Raw data.
--

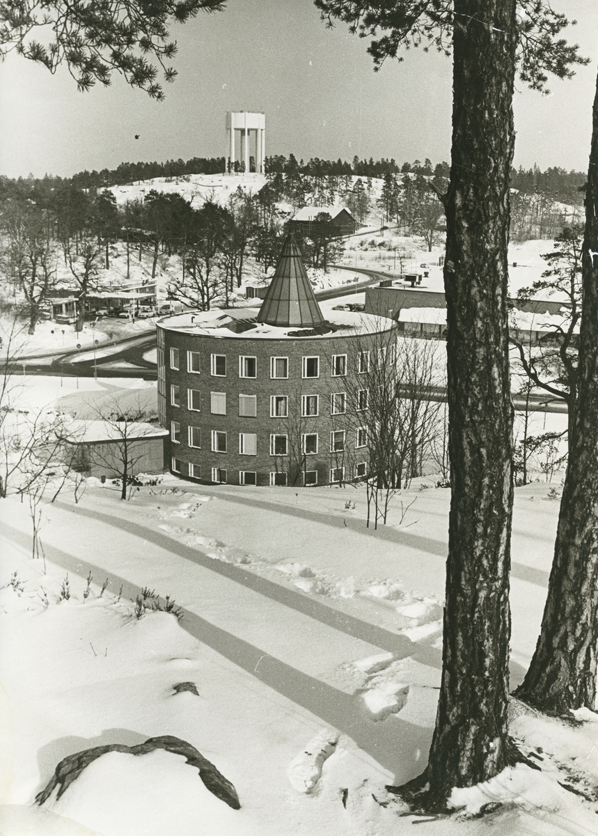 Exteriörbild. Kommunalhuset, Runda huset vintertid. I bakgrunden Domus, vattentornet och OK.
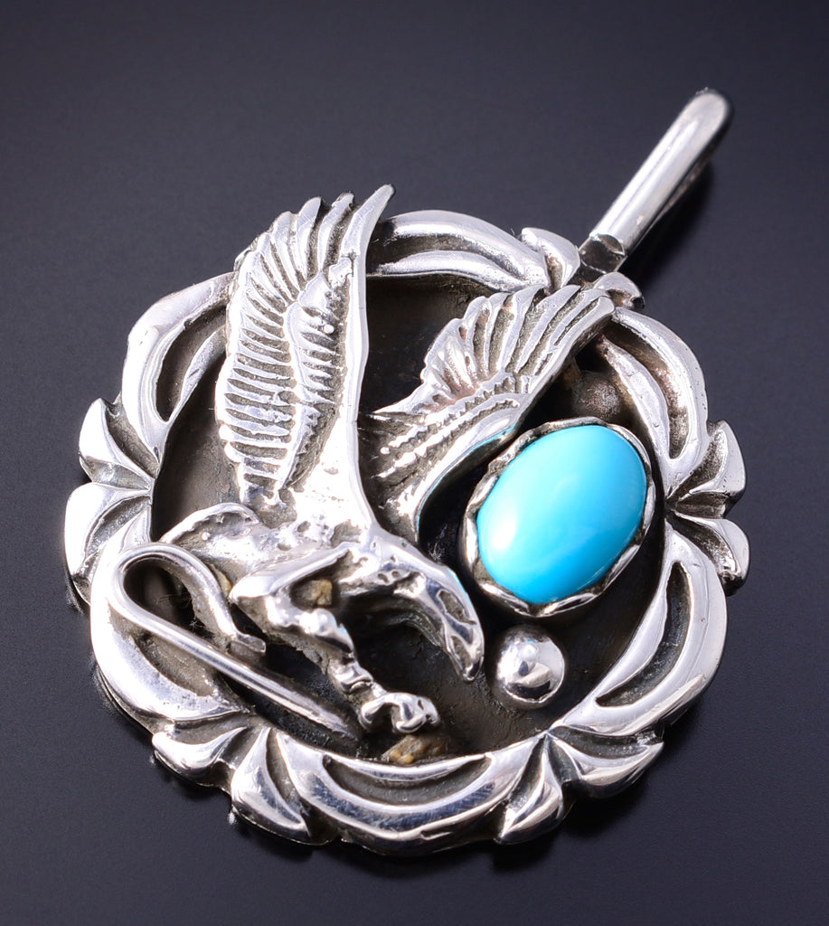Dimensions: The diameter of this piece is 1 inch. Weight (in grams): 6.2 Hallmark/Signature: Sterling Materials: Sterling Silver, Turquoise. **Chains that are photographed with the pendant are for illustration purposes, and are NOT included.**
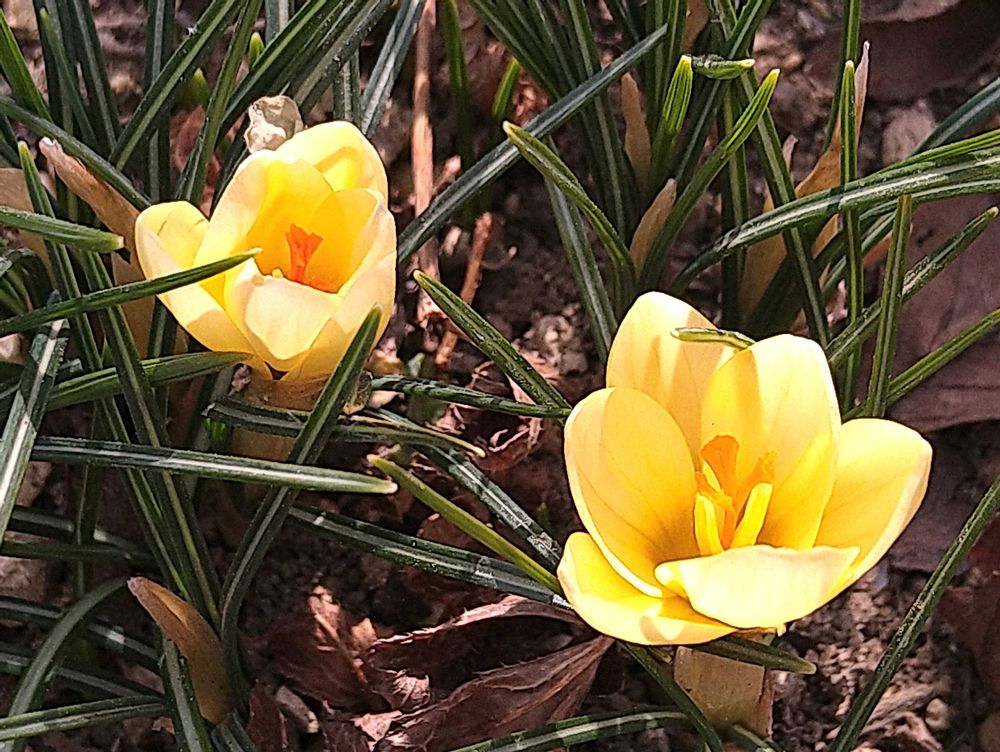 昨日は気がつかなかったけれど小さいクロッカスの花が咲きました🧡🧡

--

About this exercise.
The expected response is every line of the material, written out exactly, with the images removed.

Solution to the exercise.
 Exteriörbild. Kommunalhuset, Runda huset vintertid. I bakgrunden Domus, vattentornet och OK.
Dimensions: The diameter of this piece is 1 inch. Weight (in grams): 6.2 Hallmark/Signature: Sterling Materials: Sterling Silver, Turquoise. **Chains that are photographed with the pendant are for illustration purposes, and are NOT included.**
 昨日は気がつかなかったけれど小さいクロッカスの花が咲きました🧡🧡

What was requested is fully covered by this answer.